День моей тишины

Елена Андреевна Рындина
или
УШЁЛ ХОРОШИЙ ЧЕЛОВЕК

       А я снова опоздала. Сегодня (10 сентября 2019 года) его тело предадут земле, а душа, уверена (прости меня, Господи, за настойчивость в этом утверждении), когда-то (как обещано тем, кто не безнадёжно греховен)) попадёт в Царствие Небесное в жизни вечной.
        Но и сейчас (до второго пришествия) она, душа этого человека, не должна страдать. Опять - гордыня моя в отстаивании собственного мнения. Опять прошу прощения у Спасителя. Но по-другому думать не могу - нельзя! Этот человек, возможно, не знал о муках первых христиан во имя веры; не подвергался откровенным гонениям во время Советов в нашей стране (молод был, мы с ним ровесники, а в нашу бытность «поповщину» уже «победили» - так, во всяком случае, считали воинствующие безбожники). Но именно поэтому он и страдал больше многих окружающих, поскольку не находил выхода своим врождённым любви и жалости к  ближним в естественных их проявлениях. Наше детство было затронуто нездоровым оптимизмом: вперёд, с песнями, «отряд не заметил потери бойца»! Проявление эмоций сочувствия не понималось и не принималось. Я сама никогда не жаловалась окружающим даже на физическую боль или откровенное - до обмороков недомогание. Считала это проявлением слабости и навязыванием посторонним своих проблем. Он был таким же. Был!

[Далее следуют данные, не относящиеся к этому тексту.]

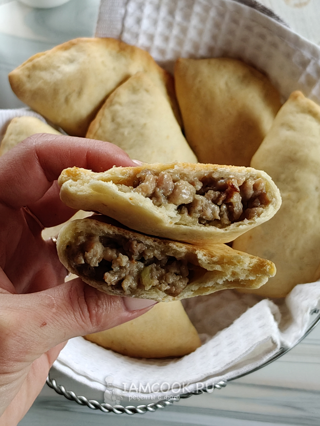 Возьмите необходимые ингредиенты, чтобы приготовить сочни (сочники) с мясом.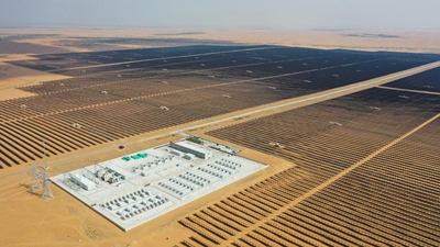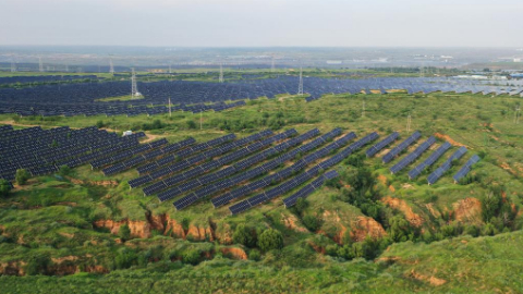 沙漠深處,一張張藍色光伏板如波浪般向天際延伸,它們靜靜地吸收著(zhù)炙熱的陽(yáng)光,將不毛之地變成巨大的“綠色電站”。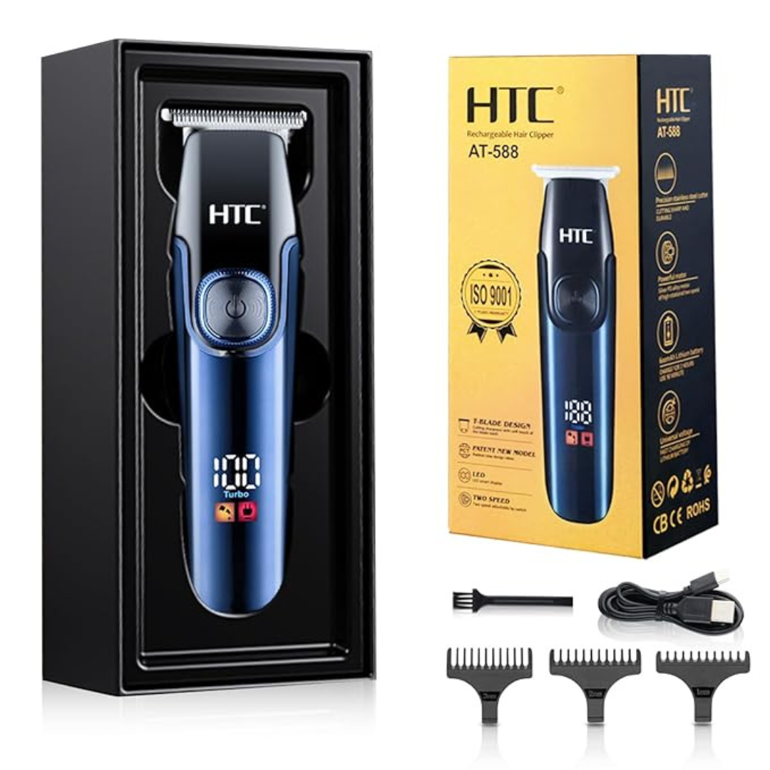 HTC Rechargeable Hair Clipper AT-588, available at ShopXonline, delivers powerful performance for precise haircuts and trims. With its rechargeable design and sharp blades, it ensures smooth and efficient grooming. Ideal for home or professional use, it guarantees a polished finish every time. Order now at www.shopxonline.lk for delivery within 1-3 working days in Sri Lanka.
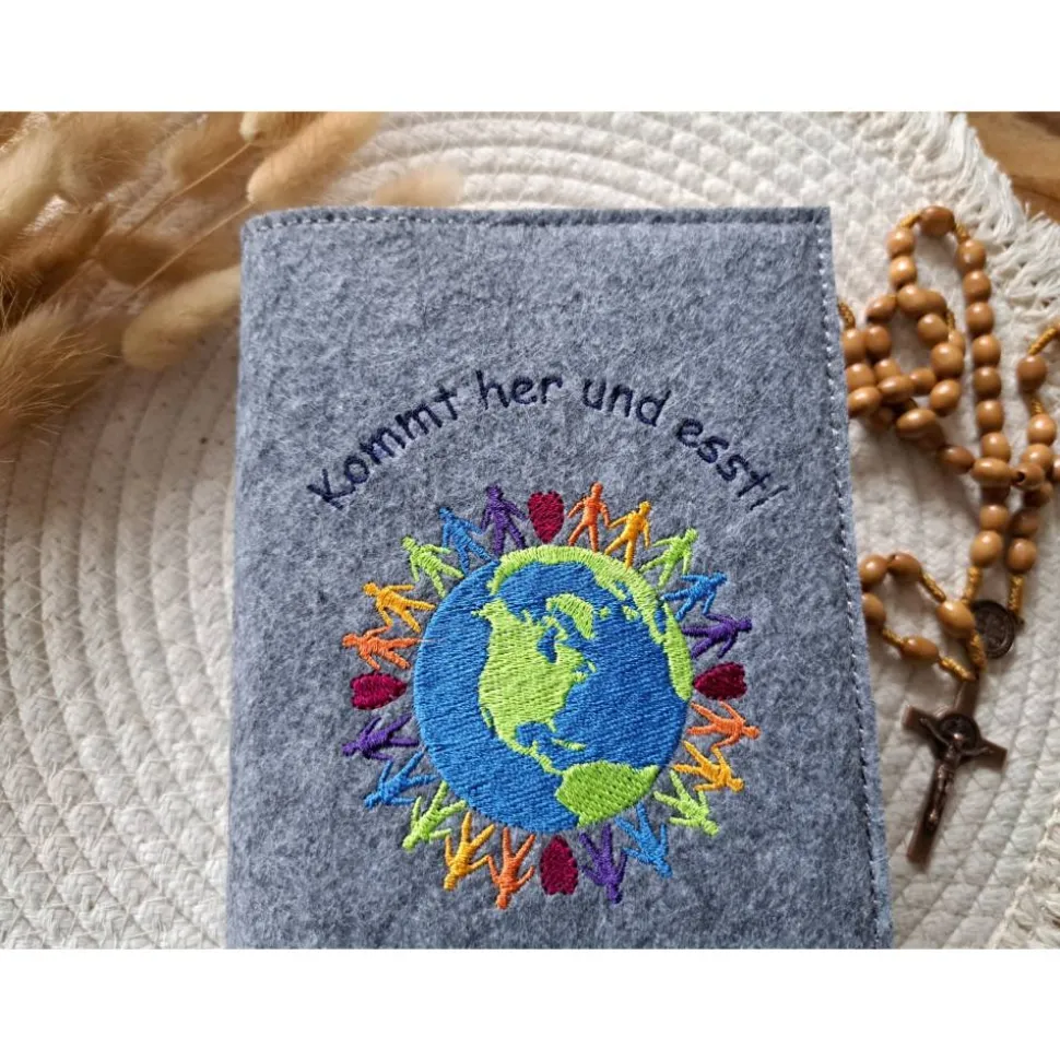 Die robuste Filzhülle ist speziell für das katholische Gotteslob ab 2013 konzipiert und lässt sich leicht auf- und zuklappen. Sie kann auch während des Gottesdienstes verwendet werden, sodass das Gotteslob jederzeit sicher geschützt ist. Auf Wunsch wird ein praktisches Gummiband eingearbeitet, das die Hülle sicher zusammenhält. Dieses verläuft auf der Rückseite, sodass die bestickte Vorderseite vollständig sichtbar bleibt.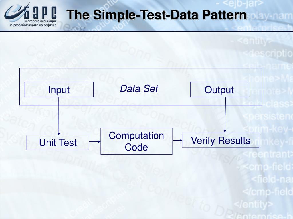 The Simple-Test-Data Pattern Data Set Input Output Computation Code Verify Results Unit Test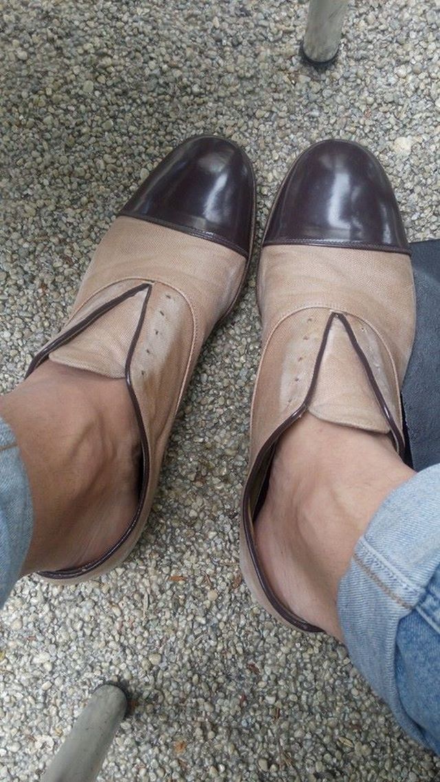 Mesajul este însoţit şi de o fotografie în care creatorul de modă este încălţat cu o pereche de pantofi care îi cam joacă în picioare.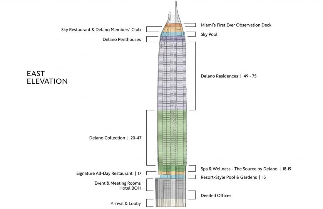 Delano ofrece una cuidada colección de amenidades inmersivas diseñadas para la relajación, el bienestar y el entretenimiento. Los residentes pueden disfrutar de dos piscinas estilo resort, incluida una sky pool ubicada a 800 pies sobre el skyline de Miami, así como de un spa y centro de bienestar de un piso completo con sauna, vapor, piscina de inmersión fría y salas de tratamiento.El proyecto también cuenta con un gimnasio de última generación con estudios de movimiento, una propuesta gastronómica de clase mundial con dos restaurantes emblemáticos, un icónico restaurante en las alturas, el Legendary Rose Bar y exclusivos salones sociales cuidadosamente curados.Entre las amenidades adicionales se incluyen un lobby premium con porte-cochère, espacios dedicados para reuniones y eventos, y acceso exclusivo al D Members’ Club, ofreciendo un estilo de vida que combina lujo, cultura y conveniencia.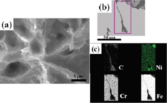 La Figura 5a, b y c muestran a altas amplificaciones otra zona por MEB de la fractura calcinada a 450°C por 60 min bajo un flujo Ar. La superficie de la fractura frontal muestra que los microporos están completamente cubiertos por material calcinado (Figura 5a). Por otro lado, se aprecia por mapeo en el interior de la microfisura la composición química elemental rico en Ni y C (Figura 5b y c). El contenido de C se forma durante la etapa de calcinación debido a que el material empleado por el método Pechini es de origen orgánico.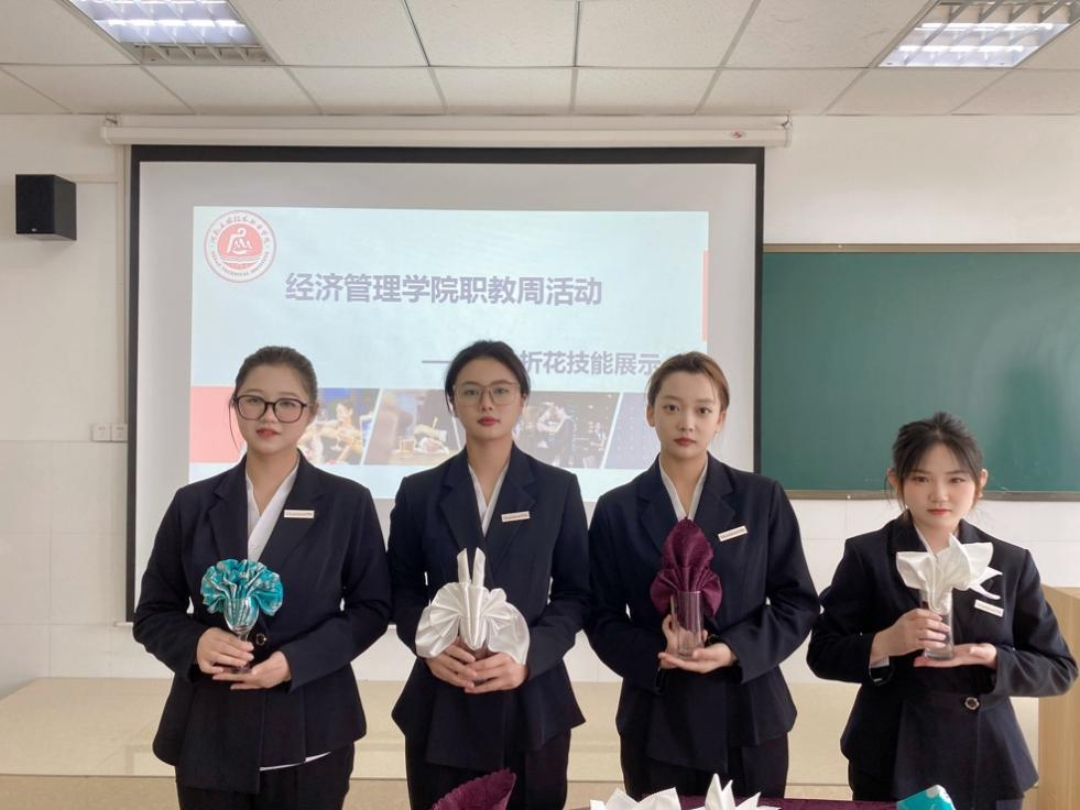 best365官方网站职教活动周之餐巾折花技能展示于2022年5月11日举行,餐巾花造型美观、生动形象,选手们动作娴熟、妙手生花,展示了扎实的基本功。大赛充分展示了经管学子扎实的专业知识、熟练的操作技能和精益求精的专业精神。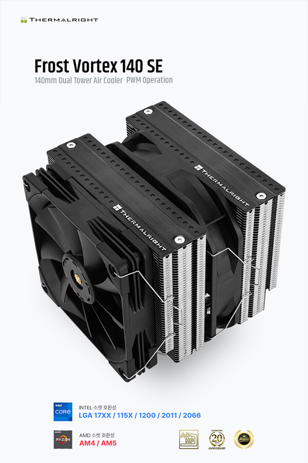 서린씨앤아이가 서멀라이트의 CPU 쿨러 신제품, 프로스트 볼텍스 140 SE를 정식 출시했다.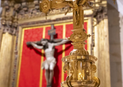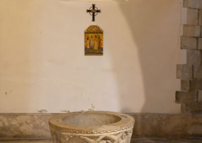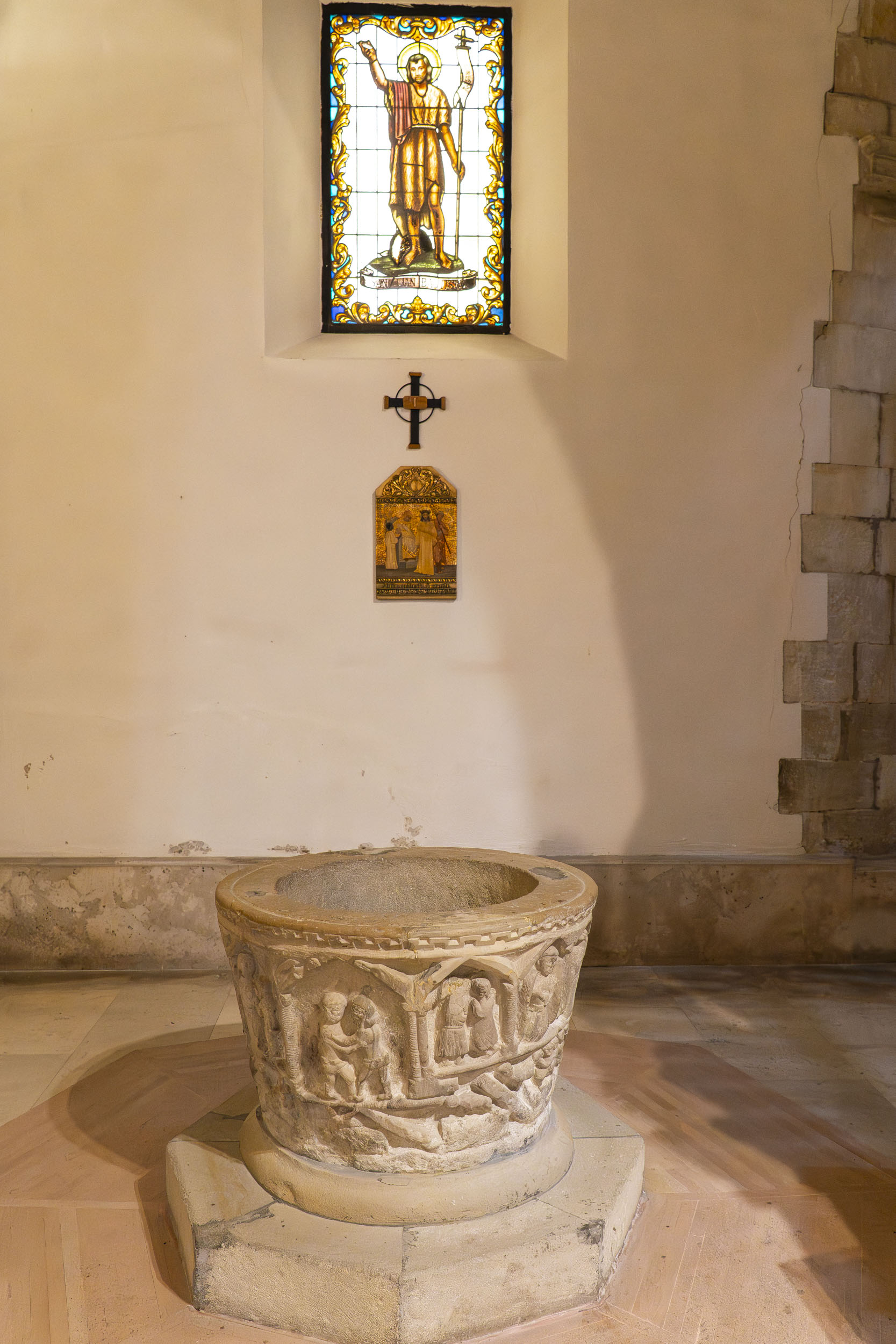 Templo del siglo XVI que se levanta sobre otro de época medieval. Y es, precisamente, de tiempo muy lejana la pila bautismal que se conserva en su interior, una joya prerrománica con una enigmática historia narrada en piedra que, hasta ahora, ha desafiado a quienes han intentado desentrañar los misterios de su significado. Aunque está clara la doble significación de los elementos esculpidos en esta pila, con una parte superior dedicada a los cielos y una inferior que mira al inframundo, la intención del escultor original a la hora de elegir cada uno de los elementos que componen esta pieza única sigue siendo algo desconocido. La torre de la iglesia, del siglo XVIII, da buen porte a un templo que, en su interior, ha visto toda clase de reformas a lo largo de los años, como puede verse en los tirantes metálicos que refuerzan la estructura y que fueron colocados no hace mucho tiempo. En el interior del templo habitan varias joyas, además de la pila prerrománica mencionada, como la talla de San Antonio de Padua, patrón de Guardo. El Cristo de la Agonía, la reliquia de Santa Columba, que tuvo ermita propia en la localidad antiguamente y otras tallas interesantes, acompañan al visitante que podrá descubrir algunos rincones tan misteriosos como la pila bautismal a poco que mire con detalle. Uno de esos misterios es la presencia de una lápida que tiene tallados diversos elementos, como una cruz-espada, que bien pudo pertenecer a un caballero templario. La iglesia cuenta con una gran capilla aneja, con cúpula dotada de linterna, que fue mandada construir a mediados del siglo XVIII por el guardense arzobispo de Burgos, obispo de Barcelona y Sigüenza, así como vicario general castrense y gobernador del Consejo de Castilla, Don Francisco Díaz-Santos Bullón, cuyo retrato de época también se puede contemplar es esta iglesia.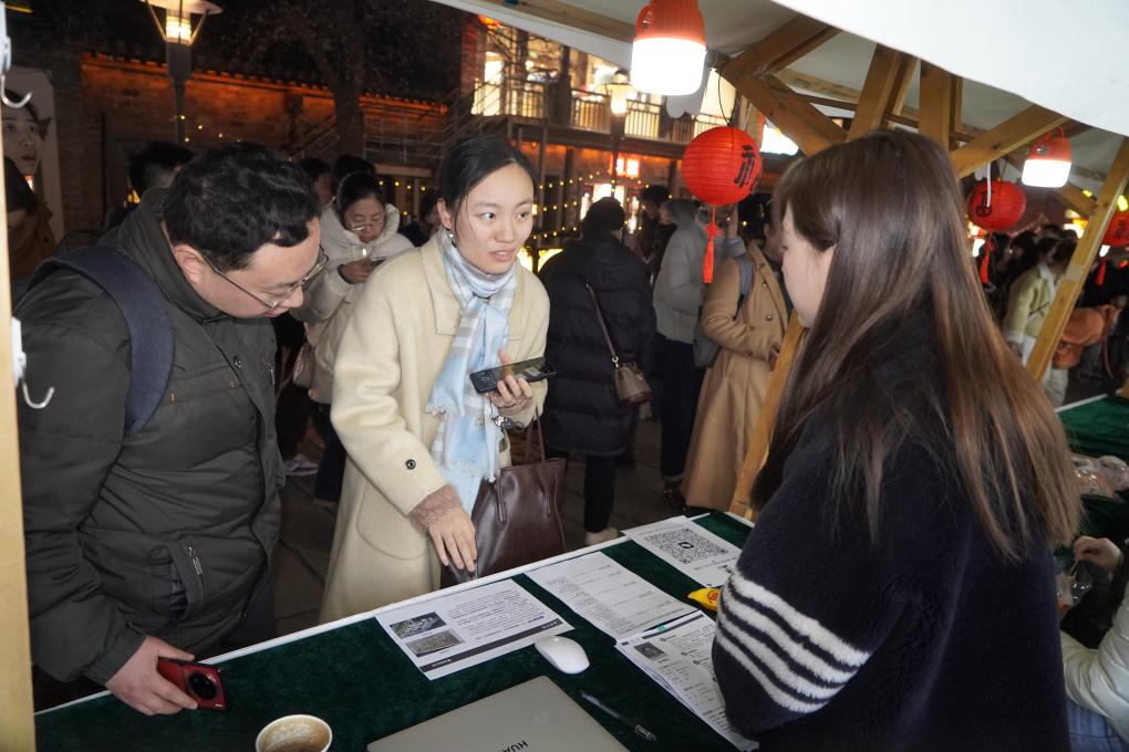 1月9日,南京老门东景区“人才夜市”现场,工作人员向求职者介绍相关政策。(刘臻睿 摄)

         Был. И с этим уже ничего не поделаешь. Мы так и не поговорили ни разу. А одну, совсем короткую, фразу я вынашивала года три! Я должна была ему это сказать.  А теперь: только слёзы, которые мешают видеть клавиатуру, помогающую мне остановить мысли, и - удушье от безысходности моего «должна». Ведь не просто «должна»! Это было для МЕНЯ жизненно необходимо. Доживаю я земную жизнь достаточно вежливым человеком. А тут. И самое страшное для моего воображения теперь то, что он мог уйти, считая себя в чём-то виноватым передо мной. А я осталась с чувством невысказанной благодарности к человеку (единственному, возможно, из мужчин!), пытавшемуся остановить моего старшего сына перед краем пропасти, к которой неуклонно подталкивает его «злодейка с наклейкой». Не одна она, конечно. С себя никак не снять мне вины. Не тот пример показывала; не всегда была рядом; чего-то не заметила в кричащих глазах его подросткового возраста. Но, заменив ему и отца, никогда (!) не интересовавшегося существованием сына (одинаково - до и после развода), я вдруг ощутила странную (и обидную - для меня) вещь: мои, казалось бы, неглупые аргументы в пользу здравого смысла и поведения он считал «бабьим трёпом» (нет, не произносил этого, но я-то видела!) - таким же, как и злое шипение бабушек со скамеек, на которых я, точно, не сиживала. А любое слово, брошенное представителем мужского населения страны или двора (не важно!), воспринималось им как некая аксиома, в дальнейшем не раз цитируемая. Отчим, к сожалению, не стал для сына другом, хотя, перейдя, как и его отец, в категорию бывших моих мужей, более уважаем в целом (по сравнению с «родным» - кавычки здесь умышленно мною поставлены; я никогда не видела отцов, столь отстранившихся от проблем своих собственных детей, как мой первый муж).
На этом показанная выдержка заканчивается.